Let’s focus on model 2 and how we interpret this. The ANOVA table now has multiple rows. We saw this before with the block design. The important thing to note here is that the table is now read sequentially. We first note that CO2 explains \(671.67\) units of variation (Mean Sq) in plant Yield. Having captured this variation, we then note that UVB captures \(56.75\) additional units. Then, having capture the variation caused directly by CO2 and UVB, we now see that the interaction - asking whether the effect of CO2 varies by UVB - explains an additional \(82.15\) units. And… there are \(9.59\) units of unexplained variation.

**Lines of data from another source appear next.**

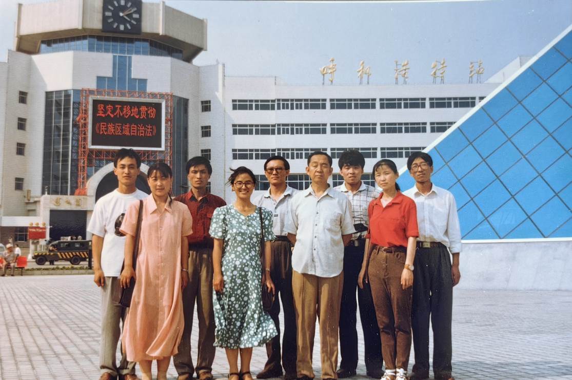 与93级做毕业论文的学生赴外地实习(赵丽芹前排左二) 1988年内蒙古农牧学院(现内蒙古农业大学)食品工程系正式成立,我随果品贮藏加工课程组全体教师从农学系果树教研室整体转入食品工程系,并与原农学系蔬菜专业的蔬菜贮藏加工的教师,共同组建了农产品贮藏加工教研室。那一年我正值青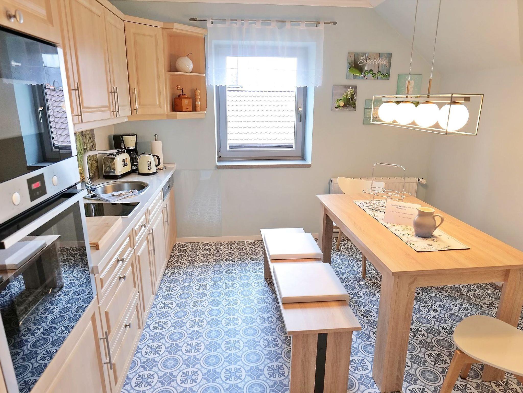 - vollausgestattete Küche mit Essbereich für 4 Personen, ausgestattet mit Ceran-Herd, Kühlschrank, Mikrowelle, Geschirrspüler, Kaffeemaschine, Toaster, Wasserkocher, Geschirr, Besteck u.v.m.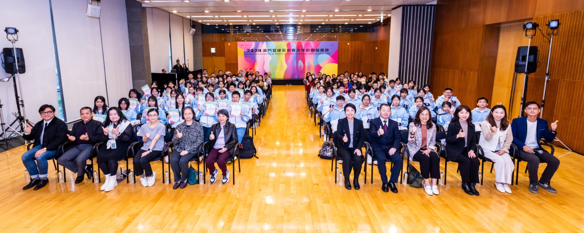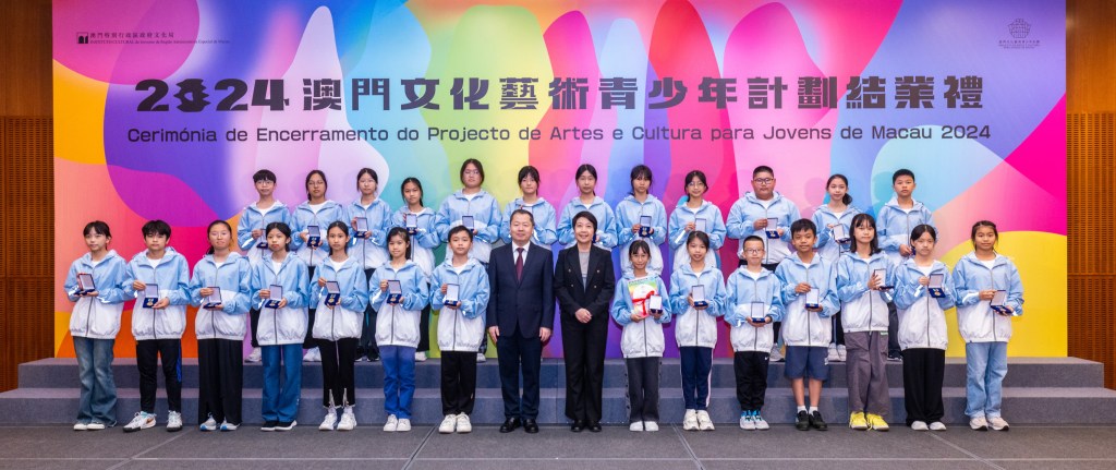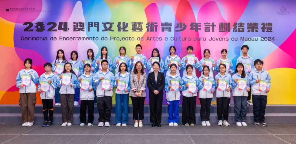 由文化局主辦的2024「澳門文化藝術青少年計劃」於11月23日在澳門文化中心會議室舉行結業禮,文化局局長梁惠敏、中央人民政府駐澳門特別行政區聯絡辦公室宣傳文化部處長王惠杰、教育及青年發展局青年試館主任柯敏茵,文化局澳門博物館館長盧可茵、文化傳播處處長梁靜儀,課程導師李淑儀、胡淑華、簡佩茵、黃碩瑩、葉志堅及孫嘉鳴出席。第二屆學員在一眾嘉賓、導師及家長們見證下獲頒證書及襟章,宣誓成為「文化局學生文化大使」。第一屆學員則獲頒「熱心參與奬」,兩屆共60位學員將繼續並肩參與更多文化藝術學習旅程。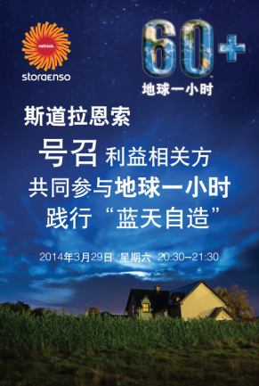 在世界第八個(gè)“地球一小時(shí)”活動(dòng)來臨之際,斯道拉恩索中國區(qū)邀請(qǐng)全體員工、客戶、供應(yīng)商、社區(qū)群眾等利益相關(guān)方關(guān)注并加入“地球一小時(shí)”活動(dòng)中,于2014年3月29日晚20:30—21:30熄燈一小時(shí),為環(huán)境保護(hù)、節(jié)能減排貢獻(xiàn)自己的力量!暗厍蛞恍r(shí)”是世界自然基金會(huì)(WWF)應(yīng)對(duì)全球氣候變化所提出的一項(xiàng)倡議,希望個(gè)人、社區(qū)、企業(yè)和政府在每年三月最后一個(gè)星期六的晚上熄燈一小時(shí),以表明應(yīng)對(duì)氣候變化行動(dòng)的支持。
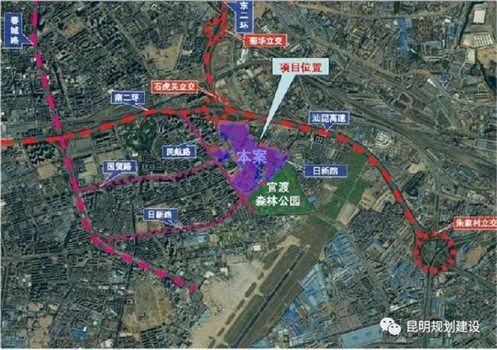 关坡片区城中村改造项目位于官渡区关上中心区,南邻日新路及官渡森林公园,西邻民航路,北临石虎关立交。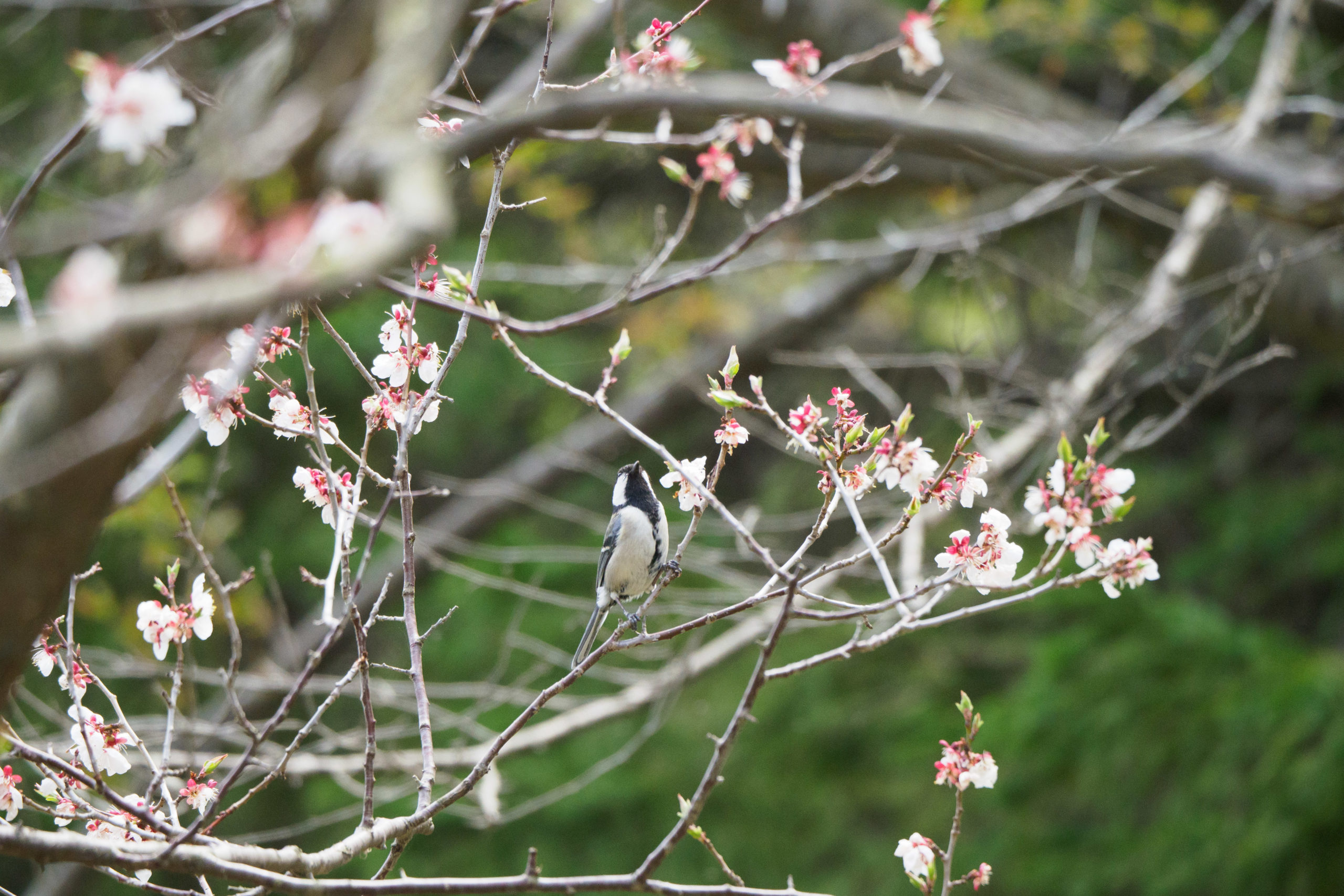 本州では梅にはメジロですが北海道ではシジュウカラ

Great. So, remember as well how we calculate the F-value. In the ANOVA (categorial variable) framework, the F-value is the ratio of variance explained by the factor relative to the residual variation. So that’s where the F values come from…. And recall that BIG F-values indicate that more variation is allocated to the treatment levels, versus what’s left over. The bigger the numerator value relative to the residual denominator, the more variation this term has explained.

In this experimental design, and any like it, one must remember that there is actually a single question, and it does not related to the independent main effects.It relates only to the interaction term: we designed this experiment to test the hypothesis that the effect of CO2 on yield varies by UVB. There is only a single choice of answer - yes or no. In this case, having captured variation with each independent effect, there is still a large amount of variation captured by ‘allowing’ the effects of each to vary by the other. Under a null hypothesis that these two variables to not interact (do not depend on each other), getting a Mean square estimate of \(127.72\) relative to the residual of \(11.11\) is very unlikely. So we reject the null!

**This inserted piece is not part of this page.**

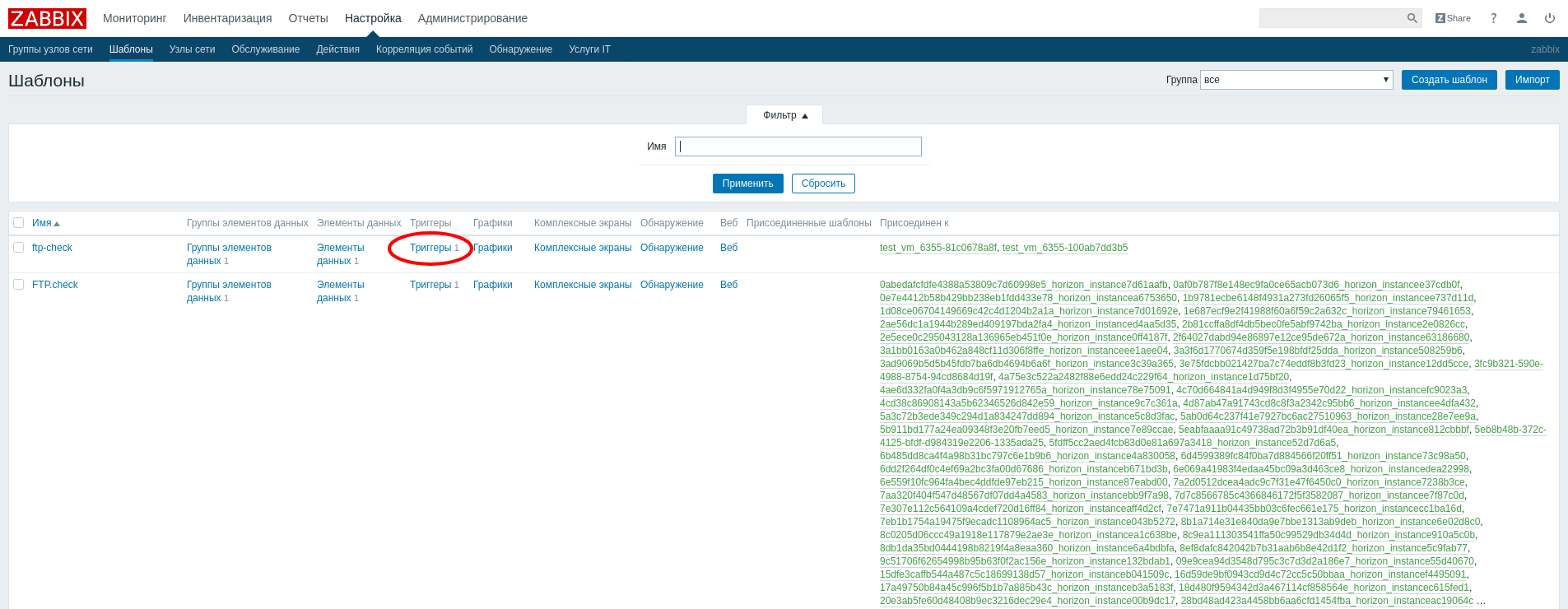 1. Перейдите в «Настройка»/«Шаблоны», найдите в списке шаблон ftp-check и нажмите на «Триггеры»:

Spend some time investigating what has happened with model 2 and model 3 and recall that ONLY ONE OF THEM IS CORRECT, regardless of whether the data look like the left or right panel above. Note the differences in the outputs. Note what we infer if we model the interaction data incorrectly.

There is no free lunch.

You must understand your data and your question and you must fit the model that correctly matches your design! In this case, there really is only one model you should fit. It is model 2. EVEN if the data look like the left panel, with no interaction, this experiment was designed to test the hypothesis that the effect of CO2 varies by UVB. You can only accept or reject the null hypothesis of no interaction by fitting model 2. You can not guess the right model from the picture. The design dictates the model. But, you can guess the answer….

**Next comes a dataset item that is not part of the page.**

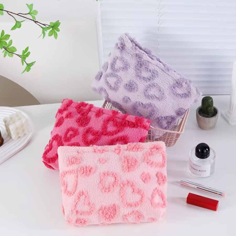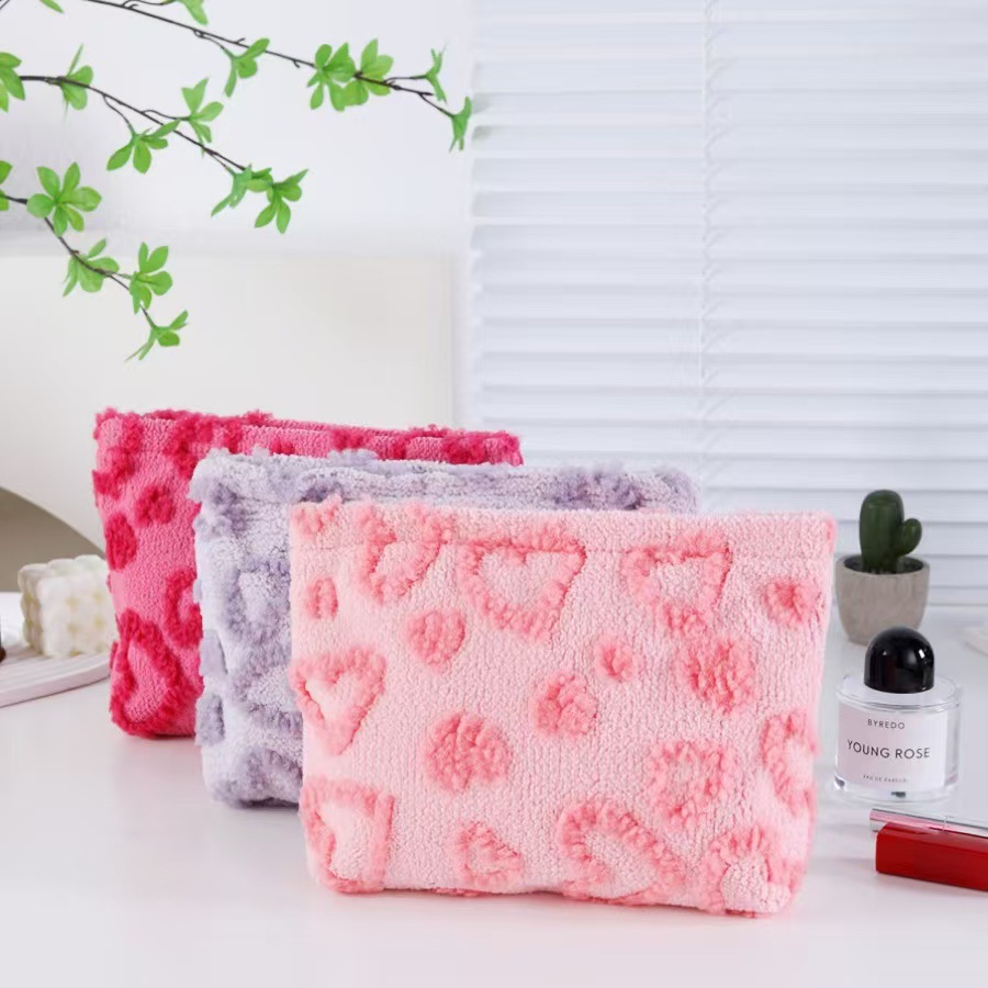 新款简约可爱心型手拿收纳包便携物品零钱口红化妆品化妆包化妆刷

6.2.3 visreg and the 2-way ANOVA

Don’t forget that the correct standard error for the ‘result’ is the residuals mean squared. You can use the dplyr + ggplot2 method, or visreg to estimate these. Here we use the visreg package and put the figure next to our original ggplot for the interaction data. Either of these would be OK for presentation, and most would opt for the left panel. Note the use of the the correct model for the design and question (model 2).

p3 <- visreg(int_mod_2,"CO2",by="UVB", gg=TRUE) +
  theme_classic()

p2+p3